The "definite", well engineered solution to the problem is very likely beyond 
just a few lines, will produce a substantial debugging tail and consume 
development resources that might be useful elsewhere. The patch solves a 
concrete problem, namely daily backups failing on a several-thousand-volume 
server hence we need it or something equivalent. I decided to share it, 
perhaps there are suggestions to improve it which are worth the additional 
effort.


Tom Keiser schrieb:
> On Thu, Apr 16, 2009 at 11:11 AM, Rainer Toebbicke <rtb@pclella.cern.ch> wrote:
>> The attached patch causes a transient failure to create a volume transaction
>> to be retried, brutally three times in 1 sec intervals.
>>
>> The problem usually only affects servers with ten-thousands of volumes,
>> where a simple "vos listvol" could easily disturb a simultaneous "vos
>> backupsys", or one out of two simultaneous "vos listvols" could print
>> thousands of error messages depending on how they race.
>>
>> Note: The patch "undoes" another patch (and its correction) in that area -
>> that's not elegant but ok as it predates that patch and fixes both problems
>> in one go, for the first one in a slightly different manner.
>>
> 
> I don't think this patch is the right approach to the problem.  Server
> threads should be treated as a precious resource.  Holding calls
> active for several seconds at a time to circumvent the fact that
> vos/libadmin lack sufficient retry logic is a suboptimal solution
> which will reduce volop parallelism in large production environments.

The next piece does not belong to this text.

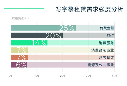需求方面,傳統(tǒng)金融行業(yè)穩(wěn)居首位,保險企業(yè)跨板塊搬遷活躍態(tài)勢持續(xù),亦有小型互聯(lián)網(wǎng)保險選擇由園區(qū)向傳統(tǒng)寫字樓搬遷升級,而來自私募基金及資管行業(yè)的新設(shè)需求則分布于河西及江寧板塊;TMT緊隨其后,盡管行業(yè)進入調(diào)整期,但以互聯(lián)網(wǎng)平臺與新媒體為首的科技公司紛紛于本季完成板塊內(nèi)部升級搬遷,同時電商及軟件開發(fā)企業(yè)則偏好選址非核心板塊完成新設(shè)成交;此外,位于新街口板塊核心區(qū)位、交通便捷且暫處高空置率的項目通過吸納來自美容、留學(xué)等消費服務(wù)類租戶加速去化,推升此類租賃需求本季躍居第三位;而受益于當(dāng)?shù)卣猩桃Y的積極推進,以食品、新能源汽車為首的消費品制造業(yè)企業(yè)于多個板塊的優(yōu)質(zhì)樓宇廣泛布局。

> Granted, having vos clients poll every few seconds is also suboptimal
> from a fair queuing perspective, but there are other, better solutions
> to that problem which don't unnecessarily tie up server threads.
> 
> Cheers,
> 
> -Tom
> 
> 
> 


-- 
=-=-=-=-=-=-=-=-=-=-=-=-=-=-=-=-=-=-=-=-=-=-=-=-=-=-=-=-=-=-=-=-=-=-=-=-=-=-=
Rainer Toebbicke
European Laboratory for Particle Physics(CERN) - Geneva, Switzerland
Phone: +41 22 767 8985       Fax: +41 22 767 7155